CmdStan 2.26.0 release candidate

rok_cesnovar · January 19, 2021, 7:07pm

I am very happy to announce that the latest release candidate of Cmdstan is now available on Github! This release cycle brings you some new functions, performance improvements and profiling. You can find the release candidate for cmdstan here.

Please test the release candidate with your models and report if you experience any problem. We also kindly invite you to test the new features and provide feedback. If you feel some of the new features could be improved or should be changed before the release, please do not hesitate to comment.

The Stan development team appreciates your time and help in making Stan more efficient while maintaining a high level of reliability.

If everything goes according to plan, the 2.26 version will be released next Tuesday.

Below are some of the highlights of the new release.

New functions

chol2inv(L) - This function is still missing proper documentation but in short it returns the inverse of an input matrix which is a Cholesky factor. It follows the R chol2inv function. Its signature is matrix chol2inv(matrix L).
discrete_range distribution - documentation
generalized_inverse - documentation
linspaced_int_array - documentation
svd_U and svd_V - documentation
symmetrize_from_lower_tri - documentation

Profiling

Users can now profile the execution time of their models using profiling statements as shown in this example:

model {
   matrix[N, N] cov;
   matrix[N, N] L_cov;
   profile("building_cov") {
      cov =   gp_exp_quad_cov(x, alpha, rho)
                        + diag_matrix(rep_vector(sigma, N));
   }
   profile("cholesky_cov"){
      L_cov = cholesky_decompose(cov);
   }   
   profile("priors"){
      rho ~ gamma(25, 4);
      alpha ~ normal(0, 2);
      sigma ~ normal(0, 1);
   }
   profile("likelihood") {
      y ~ multi_normal_cholesky(rep_vector(0, N), L_cov);
   }
}

Stan will report the execution time and memory consumption of automatic differentiation (AD) for the statements in the profile. The two main motivations for using profiling is to identify bottlenecks in a model and to evaluate different approaches for a section of a model.
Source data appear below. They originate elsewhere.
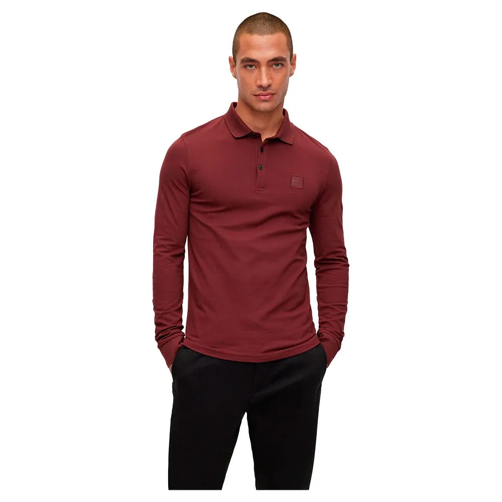 This long sleeve polo is made with elastic cotton in pique, so it is resistant to wear, soft, warm, and flexible. It includes a flat knit collar, three buttons closure, long sleeves with ribbed cuffs, and a slim fit cut that stylizes your body and does not limit you. Like most Boss clothing, it incorporates contrasting lines on the inside of the collar and a logo patch on the left chest.
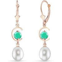 Pearl & Emerald Leverback Earrings handcrafted in rose gold plated 9ct gold. Four gemstones, total 9 ct for both earrings combined. Size: 7.9 x 39.6 mm (0.31 x 1.56 in). Material: 9ct Rose Gold. Total metal weight: 3.0 gr. 2 freshwater pearls (10 x 8 mm) = 8 ct total for pair. 2 round cut emeralds (5 x 5 mm) = 1 ct total for pair. Colour: White. Anniversary: 3rd Anniversary, 30th Anniversary. Birthstone: June.
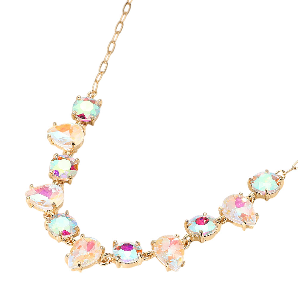 Cushion Teardrop Round Oval Stone Link Evening Necklace
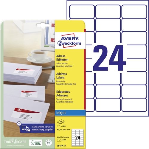 AVERY Zweckform Adressetiketten J8159-25 Selbsthaftend DIN A4 Weiß 63,5 x 33,9 mm 25 Blatt à 24 Etiketten

Without profiling, users had to have a good and deep understanding of the underlying AD implementation in Math for all the functions in order to try and optimize a section of the model using different approaches (using other functions or reduce_sum for example). But even with a deep uderstanding of the AD, it was very hard to measure the effect of a change to a section of the model as the effect was hard to identify in the execution time reported for a model’s overall execution, which can be very noisy due to randomness of sampling as well as input/output.
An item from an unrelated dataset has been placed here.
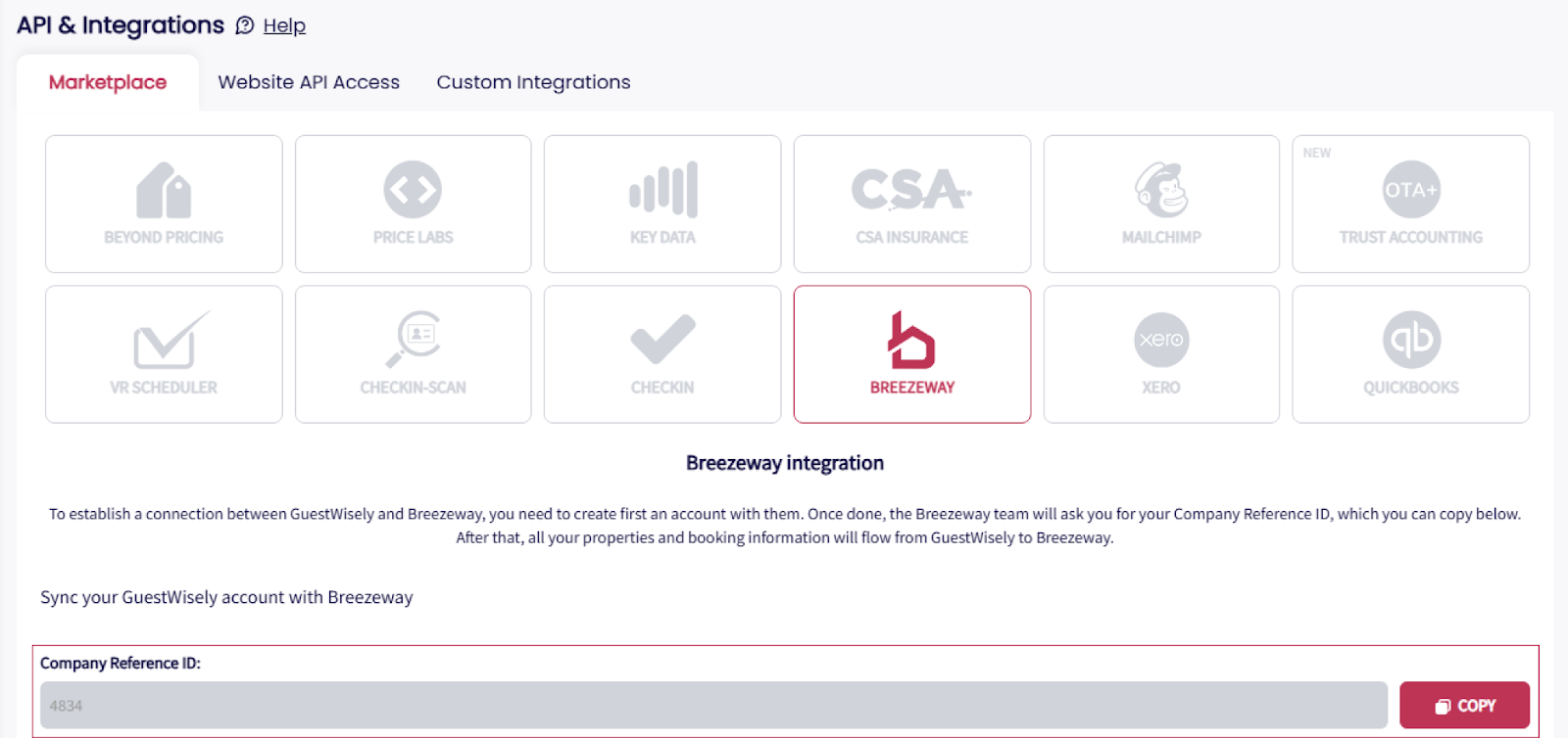 Integrar tu cuenta de GuestWisely con Breezeway permite una sincronización fluida de datos de propiedades y reservas, ayudándote a optimizar operaciones, automatizar flujos de trabajo y mejorar la experiencia de los huéspedes. Esta conexión habilita a Breezeway para recibir datos directamente desde GuestWisely para la programación de tareas, seguimiento de preparación de propiedades y coordinación de equipos.

See here for a preliminary profiling example. More documentation will be ready for the release.

Backend performance improvements

improved use of Eigen expressions

All functions in Stan Math prim as well as user-defined Stan functions now accept and use Eigen expressions.
Where applicable functions also return Eigen expressions. This change has been in the works for multiple release cycles now and is now finalized.
Users should experience increased performance of generated quantites for statements with multiple vector/row_vector/matrix operations and increased performance of some distributions in all blocks of a Stan model.
increased and more robust performance of reduce_sum

We have optimized memory handling and copies when using automatic differentiation with reduce_sum.

Improved error messaging in the compiler and deprecation warnings

All functions and language features that have been deprecated now properly raise a warning during
compilation. You can use deprecated features/functions as normal until the next major release of Stan, but we advise you move to using the suggested non-deprecated function/language feature as soon as possible.
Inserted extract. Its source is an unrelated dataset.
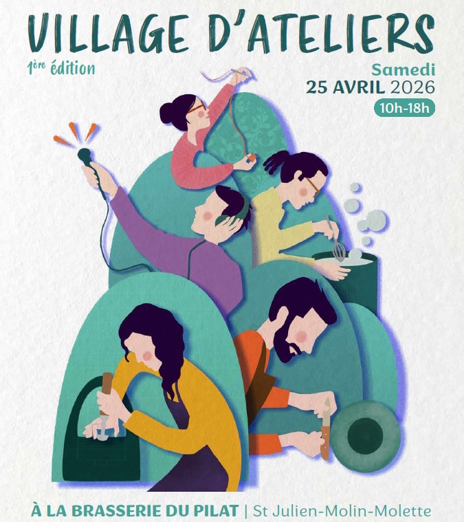 APortée2Mains organise Le 1er Village d’Ateliers, un événement convivial de création qui se tient le samedi 25 avril 2026 à La Brasserie du Pilat. A l’occasion de son 5ème anniversaire, le collectif d’Artisans Créateurs vous invite à créer !

The Stan-to-C++ transpiler also now has an improved syntax/semantic error reporting.

OpenCL support for additional distributions

In addition to the GLM lpdf/lpmf functions, there are now 32 additional distributions that can utilize OpenCL on the GPU or CPU to speedup execution. The speedups vary between distributions and argument types (whether they are data or parameters). We have observed speedups in the range of 2- to 50-fold compared to sequential execution. We anticipate the next Stan release in April to have a fully-fledged GPU-enabled backend support for most Stan functions and any feedback at this point would be more than welcome.

List of OpenCL-enabled distributions for 2.26:

bernoulli_lpmf, bernoulli_logit_lpmf, bernoulli_logit_glm_lpmf
beta_lpdf, beta_proportion_lpdf
binomial_lpmf
categorical_logit_glm_lpmf
cauchy_lpdf
chi_square_lpdf
double_exponential_lpdf
exp_mod_normal_lpdf
exponential_lpdf
frechet_lpdf
gamma_lpdf
gumbel_lpdf
inv_chi_square_lpdf
inv_gamma_lpdf
logistic_lpdf
lognormal_lpdf
neg_binomial_lpmf, neg_binomial_2_lpmf, neg_binomial_2_log_lpmf, neg_binomial_2_log_glm_lpmf
normal_lpdf, normal_id_glm_lpdf
ordered_logistic_glm_lpmf
pareto_lpdf, pareto_type_2_lpdf
poisson_lpmf, poisson_log_lpmf, poisson_log_glm_lpmf
rayleigh_lpdf
scaled_inv_chi_square_lpdf
skew_normal_lpdf
std_normal_lpdf
student_t_lpdf
uniform_lpdf
weibull_lpdf

See here for instructions on how to setup and use OpenCL with CmdStan. Official Stan documentation will be available before the release.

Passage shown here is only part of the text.